I wonder if there is a way to prevent arrow from pulling data into R by default when it cannot find a suitable binding.
So that instead of getting the following warning message pulling data into R
, arrow will throw an error instead.
Is there an option I can tweak to get this behavior?
I know there is a list of active bindings I can consult on the arrow documentation. However, I would like to work with the default settings mentioned above for faster iteration and experimentation without falling into long computations outside the arrow framework.
library(arrow, warn.conflicts = FALSE)
library(dplyr, warn.conflicts = FALSE)
library(stringr)
sessionInfo()
#> R version 4.1.3 (2022-03-10)
#> Platform: x86_64-apple-darwin17.0 (64-bit)
#> Running under: macOS Big Sur/Monterey 10.16
#>
#> Matrix products: default
#> BLAS: /opt/R/4.1.3/Resources/lib/libRblas.0.dylib
#> LAPACK: /opt/R/4.1.3/Resources/lib/libRlapack.dylib
#>
#> locale:
#> [1] en_US.UTF-8/en_US.UTF-8/en_US.UTF-8/C/en_US.UTF-8/en_US.UTF-8
#>
#> attached base packages:
#> [1] stats graphics grDevices utils datasets methods base
#>
#> other attached packages:
#> [1] stringr_1.4.1 dplyr_1.0.10 arrow_10.0.0
#>
#> loaded via a namespace (and not attached):
#> [1] pillar_1.8.1 compiler_4.1.3 highr_0.9 R.methodsS3_1.8.2
#> [5] R.utils_2.12.0 tools_4.1.3 digest_0.6.29 bit_4.0.4
#> [9] evaluate_0.16 lifecycle_1.0.2 tibble_3.1.8 R.cache_0.16.0
#> [13] pkgconfig_2.0.3 rlang_1.0.6 reprex_2.0.2 DBI_1.1.3
#> [17] cli_3.4.1 rstudioapi_0.14 yaml_2.3.5 xfun_0.32
#> [21] fastmap_1.1.0 withr_2.5.0 styler_1.7.0 knitr_1.40
#> [25] generics_0.1.3 fs_1.5.2 vctrs_0.4.2 bit64_4.0.5
#> [29] tidyselect_1.1.2 glue_1.6.2 R6_2.5.1 fansi_1.0.3
#> [33] rmarkdown_2.16 purrr_0.3.4 magrittr_2.0.3 htmltools_0.5.3
#> [37] assertthat_0.2.1 utf8_1.2.2 stringi_1.7.8 R.oo_1.25.0
df <- tibble(
date = c("28-Aug-21", "11-Mar-19")
)
df <- arrow::arrow_table(df)
df %>%
mutate(date = str_remove(date, "\\d{2}$"))

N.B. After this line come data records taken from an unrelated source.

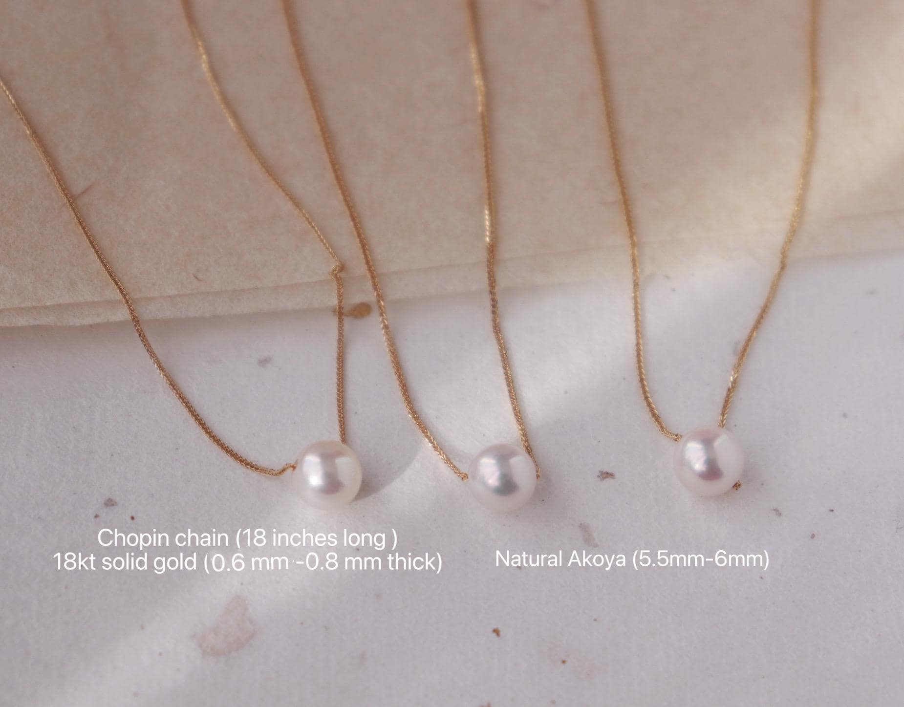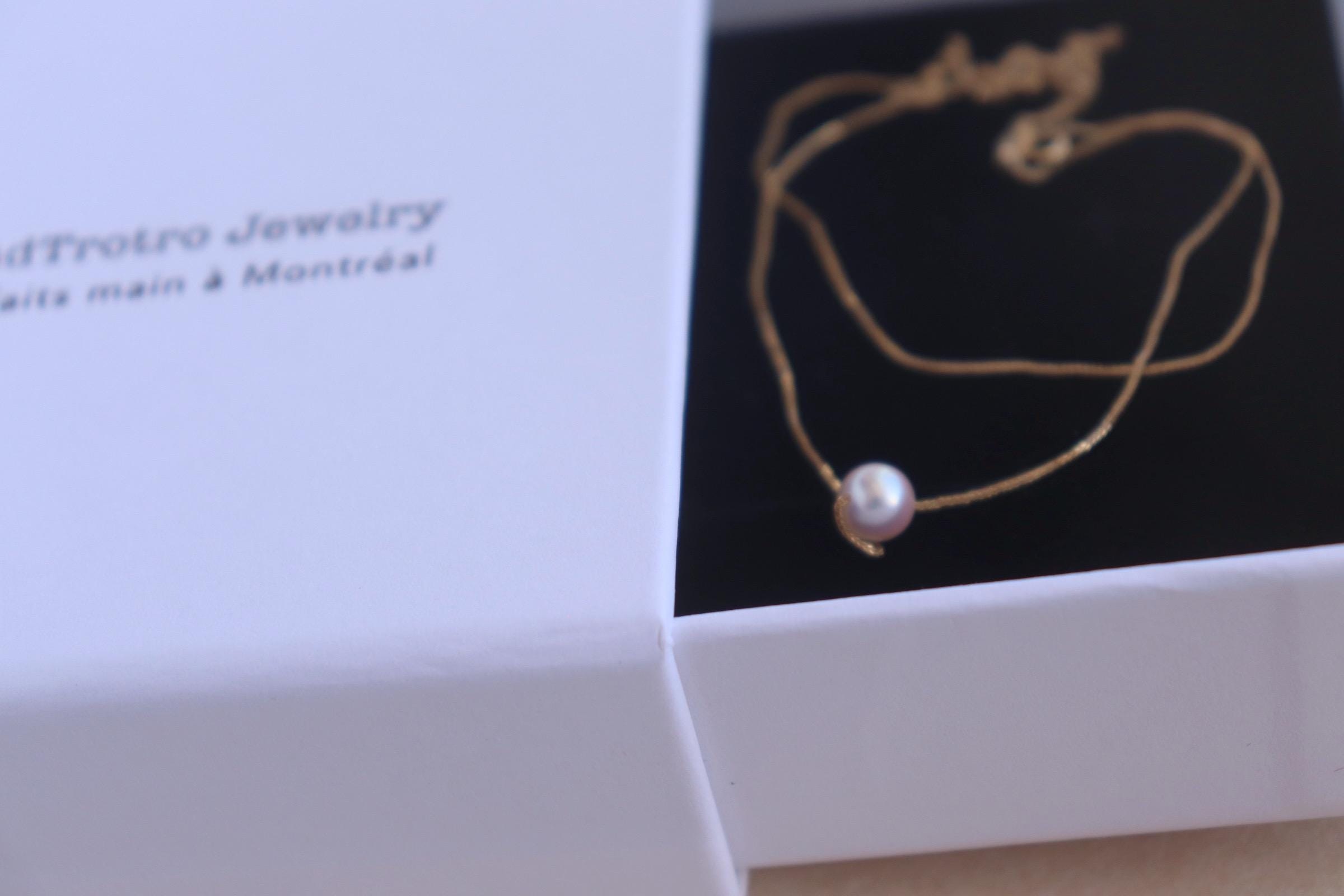 18kt solid gold chain + natural Akoya pearl.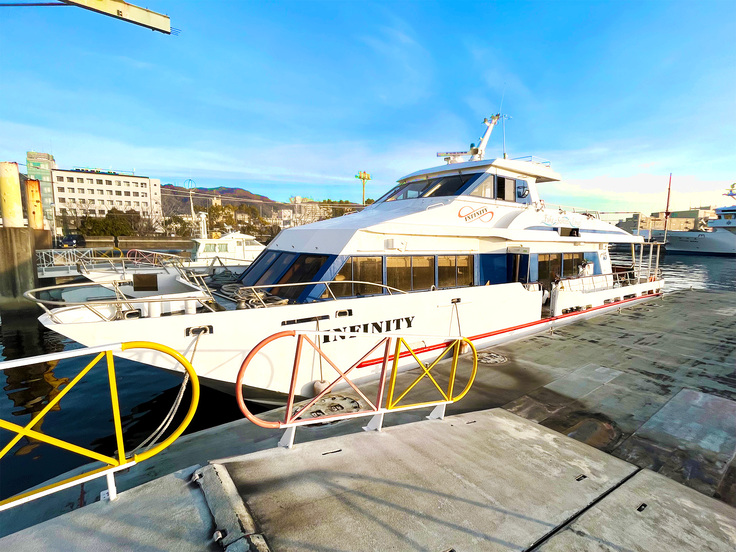 いつも船の運行でお世話になっているのは、株式会社 恭兵船舶さんで、「INFINITY」(定員68名、49トン)という船を使っています。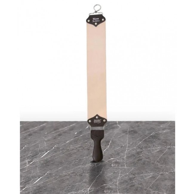 HEROLD 195J — это профессиональный ремень для правки опасных бритв, изготовленный из высококачественной немецкой юфти. Благодаря ширине 8 см ремень позволяет обрабатывать всю поверхность лезвия за одно движение, что значительно упрощает процесс правки.
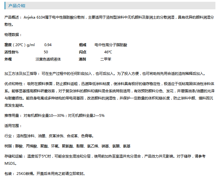 鄂州安吉康电中性盐分散剂 Anjeka6104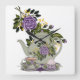 Cuadrado tetera, rosas, quequitos, reloj de la cocina de té
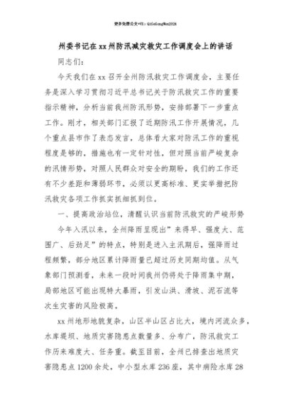 【七哥公文】2025年:【七哥公文】州委书记在xx州防汛减灾救灾工作调度会上的讲话+更多免费公文+VX:QiGeGongWen2024+更多免费公文+VX:QiGeGongWen2024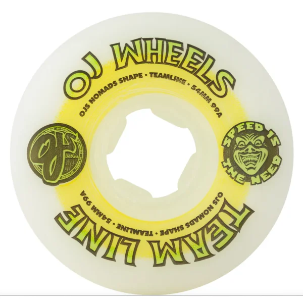 Team Line formula is custom engineered to give you the original look and feel of OJ Speed Wheels with today’s performance urethane that offers industry leading speed and reduced flat spots, with all terrain capability for any surface.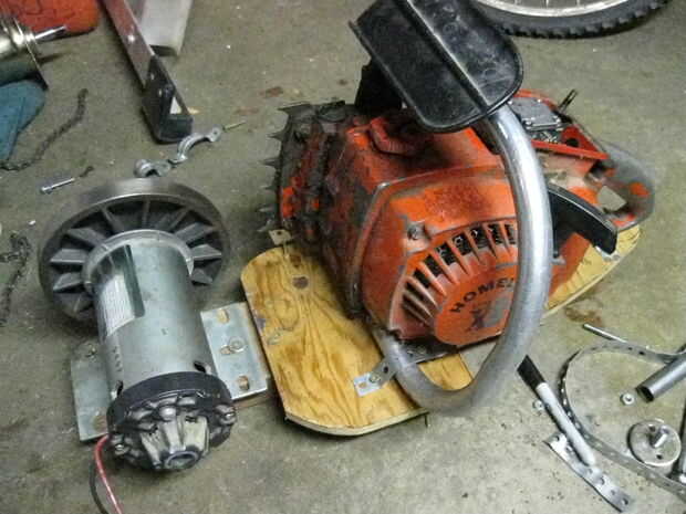l forrado cosas para arriba para un mejor ajuste, soportes, manijas, y luces todo será diferentes con distintos modelos de motosierras y esas cosas. Aquí se necesita un poco de creatividad. Usé las correas del metal de la plomería, tornillos, madera de desecho y algunas probabilidades y termina aquí.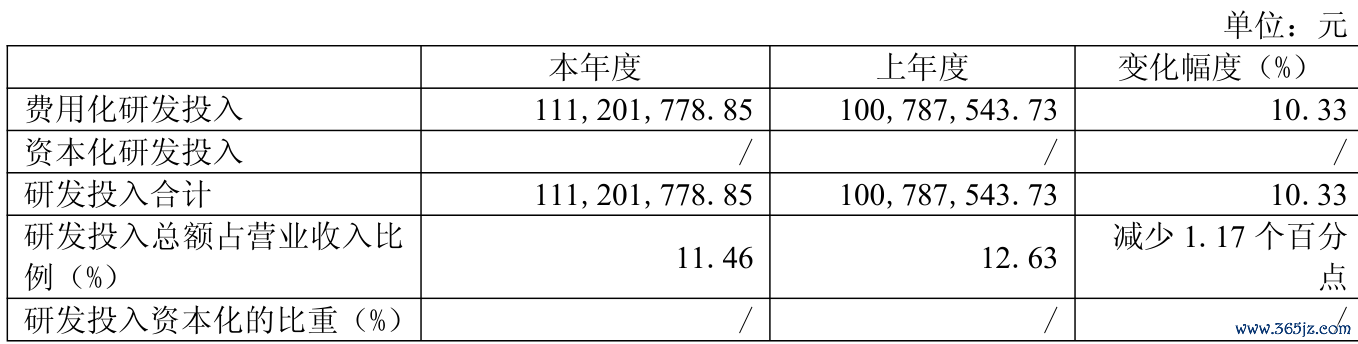 2024年全年,公司研发投入金额为1.11亿元,同比增长10.33%;研发投入占营业收入比例为11.46%,相比上年同期下降1.17个百分点。

#> Warning: Expression str_remove(date, "\\d{2}$") not supported in Arrow; pulling
#> data into R
#> # A tibble: 2 × 1
#> date
#> <chr>
#> 1 28-Aug-
#> 2 11-Mar-
Created on 2022-11-08 with reprex v2.0.2
Many thanks for considering my request.